L_(i)＝32.03[(i-1/2)k]^-0.1236i＝1、2、3、4 (2)

defining the current time period as the 1 st time segment, and respectively 2 nd, 3 rd and 4 th time segments along the forward time of the time, wherein L_(i)The method comprises the steps that a weighting coefficient of user behaviors is acquired in the ith time slice, k is T '/5, the current time point is set to be 0 moment, and T' is the time when a user closest to the current time point continuously generates one or more of 5 times of issuing behaviors, forwarding behaviors or collecting behaviors.

5. The method as claimed in claim 3, wherein in step 1.2, the self-publishing user publishes N/2 behaviors in the current time slice and the first three time slices of the time slice, N/6 forwarding behaviors, N/6 collecting behavior, N/12 browsing behaviors, N/12 favorites behaviors, N/3 collecting behaviors without self-publishing user forwarding behaviors in the four time slices, N/3 collecting behavior, N/6 collecting browsing behaviors, and N/6 collecting favorites behaviors.

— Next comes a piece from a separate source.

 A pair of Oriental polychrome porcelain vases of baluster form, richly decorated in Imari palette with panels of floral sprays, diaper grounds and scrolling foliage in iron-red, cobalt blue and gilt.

6. A method as claimed in claim 5, wherein when there are less than N/2 publishing behavior data, more than half of the publishing behavior data are collected in the forwarding behavior and the collection behavior respectively to supplement the publishing behavior data.

7. A method as claimed in claim 1, wherein the step 2 is to assign a weight coefficient 5 to the content of the publishing behavior, assign a weight coefficient 2.5 to the content of the forwarding behavior, assign a weight coefficient 2.5 to the content of the collecting behavior, assign a weight coefficient 0.5 to the content of the browsing behavior, and assign a weight coefficient 0.5-2.5 to the content of the praise behavior.

8. A method as claimed in claim 7, wherein the weighting factors of the content of the praise are given as: when the contents of the behavior approval are the contents of browsing, publishing or approval of the user's own object of interest, the weighting coefficient is given to be 0.5, when the contents of the behavior approval are the contents of forwarding or collection of the user's own object of interest, the weighting coefficient is given to be 0.7, and when the contents of the behavior approval are not associated with the user's own object of interest, the weighting coefficient is given to be 2.5.

9. The method as claimed in claim 1, wherein the step 3 is to send N data into a Bi-LSTM + Attention model to obtain N42-dimensional tag vectors, each dimension of the tag vectors has a probability value, the sum of the 42 probability values is 1, the probability value of each dimension is a specific gravity of the corresponding field of interest on the user, the weighted tag vector of each content is obtained by multiplying the weight coefficient corresponding to each content by the tag vector corresponding to the content, so as to obtain N weighted tag vectors, the weighted tag vectors are summed to obtain one tag vector, and 3 tags with the first three probability values are selected as interests of the user.